The conversion is handled in the file conga/convert_svg_to_png.py
, so you can modify that file if things are
not working and you have a tool installed; conga
may not be looking in the right place. For example, the Inkscape install location on Mac seems to
switch around; it may be necessary to fiddle with the variable
PATH_TO_INKSCAPE
in conga/convert_svg_to_png.py
. Also if the fonts
in the TCR/BCR logos look bad you could try switching the MONOSPACE_FONT_FAMILY
variable in that python file (see comments at the top of the file).
If you want to test CoNGA without taking the time to install it, here are some options.

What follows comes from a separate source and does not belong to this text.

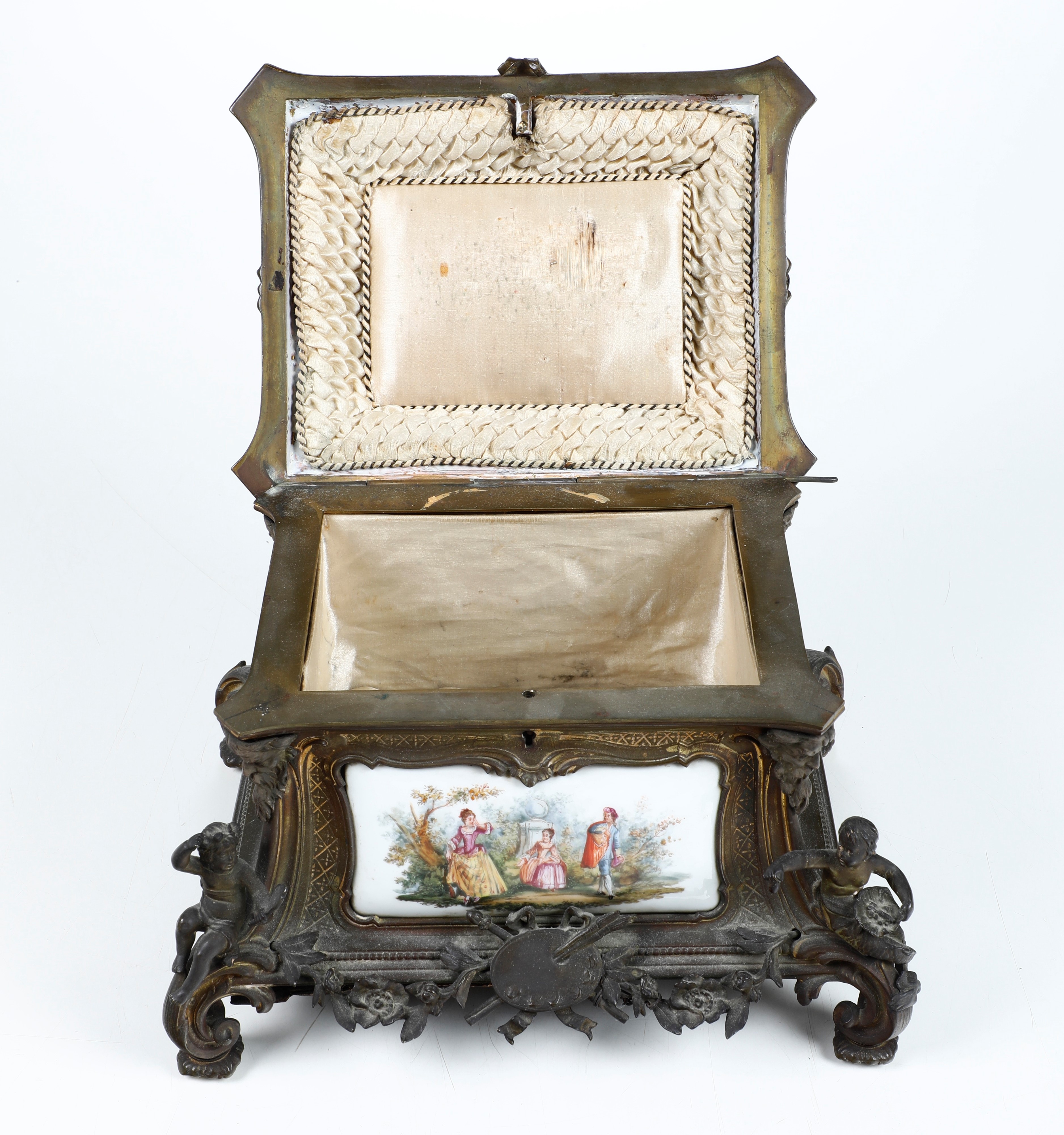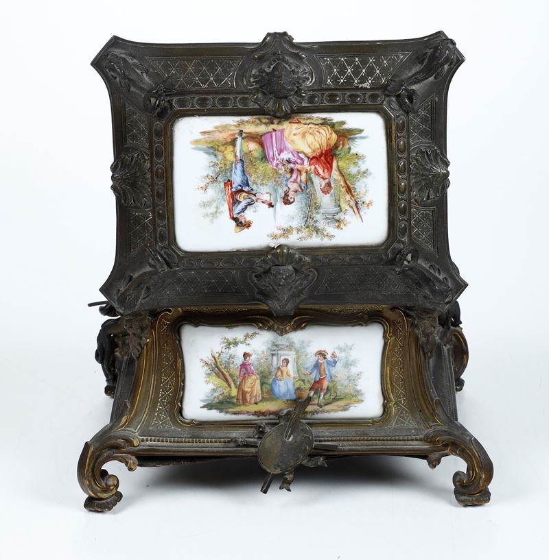 Metallo e porcellana policroma. Dimensioni: altezza cm 16,2; 25x19. Conservazione: ottima

There is a Dockerfile and also a preliminary CoNGA
Docker image.
Erick Matsen has a nice mini intro to docker
that describes, among other things, how to run an image and make folders visible
inside the image (so you can run the conga scripts on your data). For example,
if you have your data in the folder /path/to/datasets/
you could type these
commands at the command prompt (aka terminal window on mac)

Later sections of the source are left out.